Under bf16, the ratio of (forward_logprob - generation_logprob) can become very unstable, causing PPO's clip coefficient to kick in and null the gradient of certain tokens.
This issue is more extreme for RLOO, where the gradient for entire sequences can be nulled due to the large difference in logprobs.
In practice, we observed that PPO nulls the gradient of approximately 3% of the batch data, while RLOO nulls about 20-40%.
RLOO should theoretically null 0% of the batch data when not using mini-batches, but in our experience, the clipping ratio remains significant even with increased gradient steps.
The use of mini-batches exacerbates the problem, making it more challenging to train RLOO effectively.
For another approach, see: How to Use Huggingface Models in Python
Performance in Details
Mistral 7B significantly outperforms Llama 2 13B on all metrics, and is on par with Llama 34B.
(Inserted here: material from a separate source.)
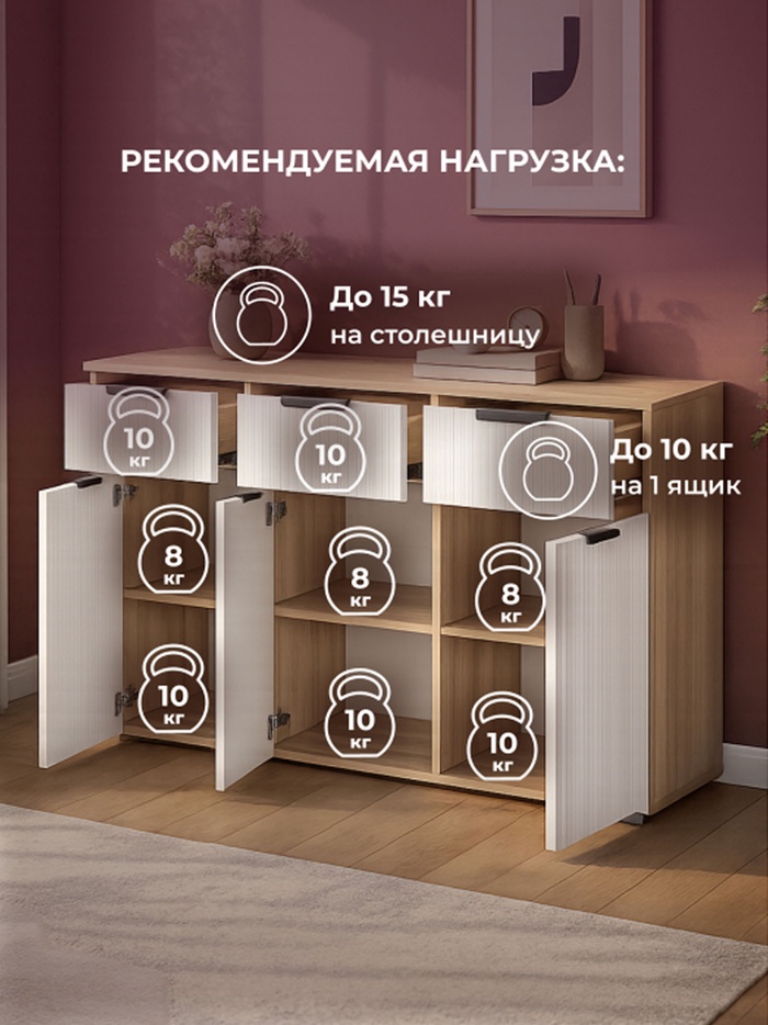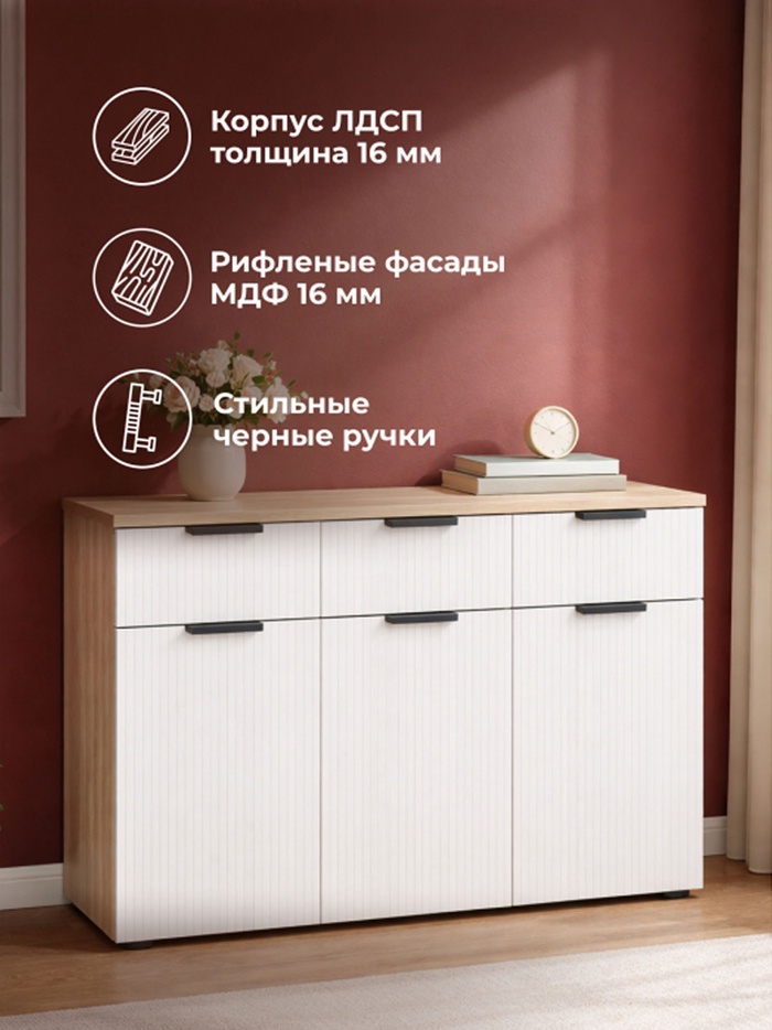 Комод Стокгольм КМ03-1200 дуб сонома / line софт пломбир

We compared Mistral 7B to the Llama 2 family, and re-ran all model evaluations ourselves for fair comparison. This allowed us to accurately assess their performance on a wide range of benchmarks.
Here's a breakdown of the benchmarks Mistral 7B was compared against:
- Commonsense Reasoning: 0-shot average of Hellaswag, Winogrande, PIQA, SIQA, OpenbookQA, ARC-Easy, ARC-Challenge, and CommonsenseQA.
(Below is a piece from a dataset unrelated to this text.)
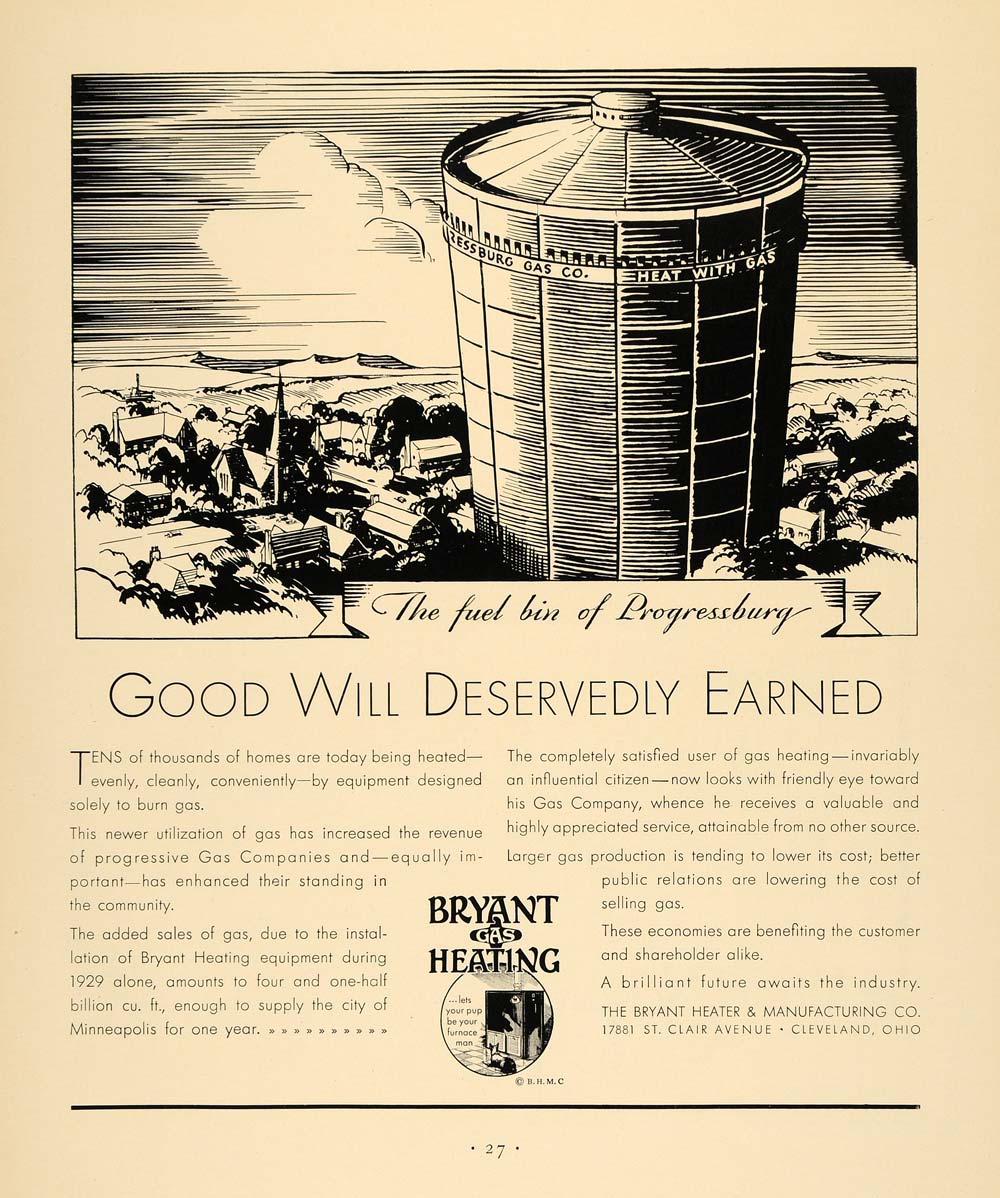 This is an original 1930 black and white print ad for the Bryant Heater and Manufacturing Company.

- World Knowledge: 5-shot average of NaturalQuestions and TriviaQA.
- Reading Comprehension: 0-shot average of BoolQ and QuAC.
- Math: Average of 8-shot GSM8K with maj@8 and 4-shot MATH with maj@4
- Code: Average of 0-shot Humaneval and 3-shot MBPP
- Popular aggregated results: 5-shot MMLU, 3-shot BBH, and 3-5-shot AGI Eval (English multiple-choice questions only)
Mistral 7B performs equivalently to a Llama 2 that would be more than 3x its size on reasoning, comprehension, and STEM reasoning, saving a significant amount of memory while gaining in throughput.
Tools and Resources
Open-source tools for RLHF have come a long way since OpenAI released their first code in TensorFlow in 2019.
TRL is a primary repository for RLHF in the Hugging Face ecosystem, designed to fine-tune pretrained LMs with PPO.
TRLX is an expanded fork of TRL, built by CarperAI to handle larger models for online and offline training, and has an API capable of production-ready RLHF with PPO and ILQL.
RL4LMs offers building blocks for fine-tuning and evaluating LLMs with a wide variety of RL algorithms, including PPO, NLPO, A2C, and TRPO, and is easily customizable.
The library is well-tested and benchmarked on a broad range of tasks, with recent work amounting to 2000 experiments highlighting practical insights on data budget comparison and handling reward hacking.
TRLX is optimized for machine learning engineers with experience at scale, and is capable of interfacing with models up to 33 billion parameters, with future versions planned to support models up to 200B parameters.
RL4LMs current plans include distributed training of larger models and new RL algorithms, making it a powerful tool for RLHF in the Hugging Face ecosystem.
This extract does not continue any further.